## [Source data]
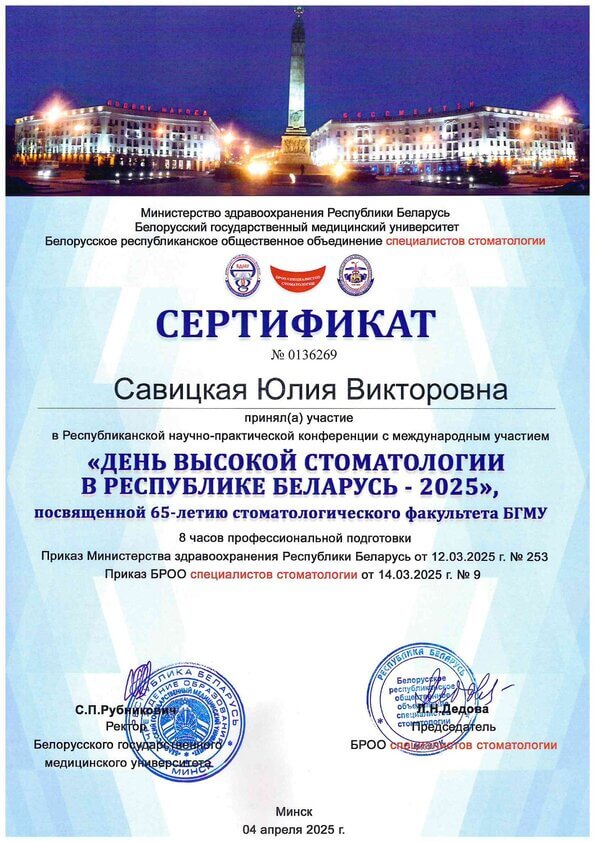 Савицкая Юлия Викторовна окончила стоматологический факультет Белорусского государственного медицинского университета в 2013 году.
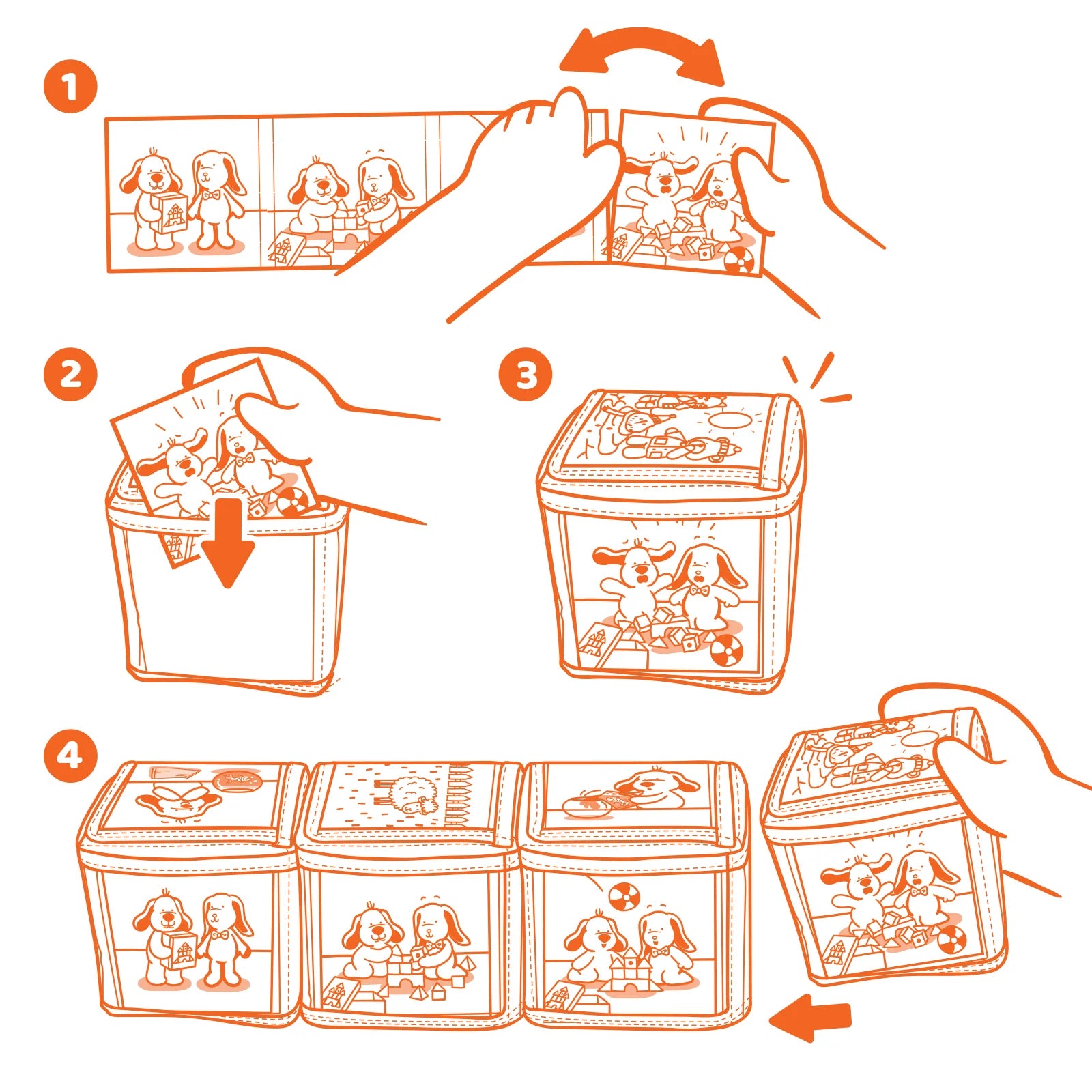 • Soft fabric cubes (8cm each) – safe, durable & easy for little hands to handle & swap cards
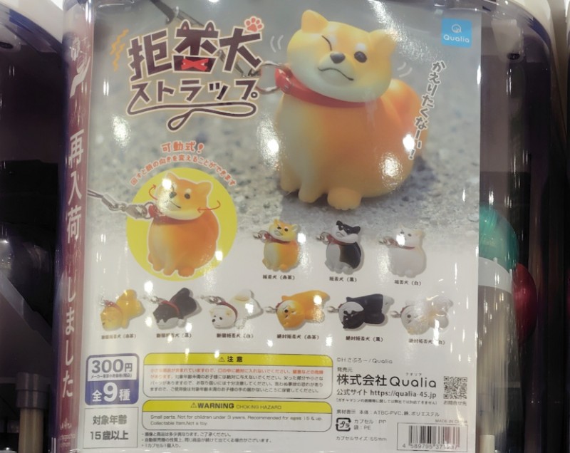 拒否犬 ストラップは、全国のガチャガチャやガチャポン、ガチャなどで手に入れることができるカプセルトイで、全9種のラインナップです。

## [Required action]
Skip the pictures, then retype every line above exactly.

## [Response to this task]
 Савицкая Юлия Викторовна окончила стоматологический факультет Белорусского государственного медицинского университета в 2013 году.
 • Soft fabric cubes (8cm each) – safe, durable & easy for little hands to handle & swap cards
 拒否犬 ストラップは、全国のガチャガチャやガチャポン、ガチャなどで手に入れることができるカプセルトイで、全9種のラインナップです。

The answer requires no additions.